Speaker: Tatyana Barron (Western)

"Toeplitz operators on hyperkahler and multisymplectic manifolds"

Time: 14:30

Room: MC 107

I will report on results obtained in a recent paper with Baran Serajelahi. I will describe quantization constructions, obtained from Berezin-Toeplitz quantization, for an n-dimensional compact Kahler manifold regarded as a (2n-1)-plectic manifold, and for a hyperkahler manifold.

Comprehensive Exam Presentation

Speaker: Mohsen Mollahajiaghaei (Western)

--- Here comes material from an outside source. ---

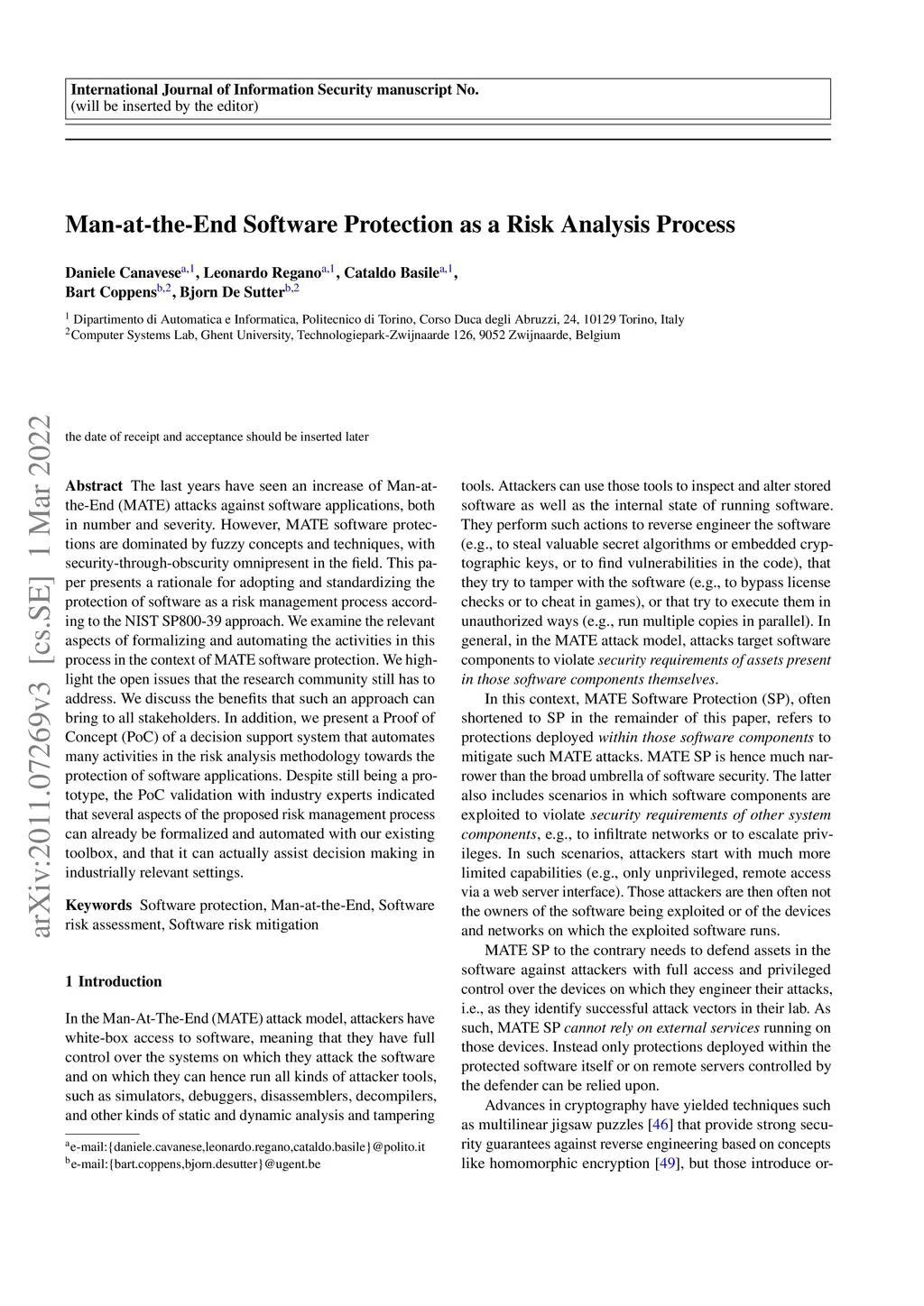 The last years have seen an increase of Man-at-the-End (MATE) attacks against software applications, both in number and severity. However, MATE software protections are dominated by fuzzy concepts and techniques, with security-through-obscurity omnipresent in the field. This paper presents a rationale for adopting and standardizing the protection of software as a risk management process according to the NIST SP800-39 approach. We examine the relevant aspects of formalizing and automating the activities in this process in the context of MATE software protection. We highlight the open issues that the research community still has to address. We discuss the benefits that such an approach can bring to all stakeholders. In addition, we present a Proof of Concept (PoC) of a decision support system that automates many activities in the risk analysis methodology towards the protection of software applications. Despite still being a prototype, the PoC validation with industry experts indicated that several aspects of the proposed risk management process can already be formalized and automated with our existing toolbox, and that it can actually assist decision making in industrially relevant settings
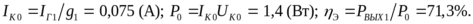 Постоянная составляющая коллекторного тока, мощность, потребляемая от источника питания, и электронный КПД соответственно.

"Resonance Varieties of Graphical Arrangements"

Time: 14:30

Room: MC 108

To each differential-graded algebra and element a\in A^1, we associate a cochain complex, where the map is defined by the multiplication by a. The degree l resonance variety is the set of elements a in A^1 such that the l-th cohomology is not zero. It is shown that The degree l resonance variety, up to ambient linear isomorphism, is an invariant of A. The characteristic varieties of a space are the jump loci for homology of rank 1 local systems. The main motivation for the study of resonance varieties comes from the tangent cone, which there is a close relation between the degree-one resonance varieties to the characteristic varieties, where the tangent cone of W at 1 is the algebraic subset TC_1(W) of C^n defined by the initial ideal in(J) \subset S. In this talk we describe the degree-one resonance variety. We will be particularly interested in the resonance varieties of graphical arrangements.

Noncommutative Geometry

Speaker: Ali Fathi (Western University (PhD Candidate))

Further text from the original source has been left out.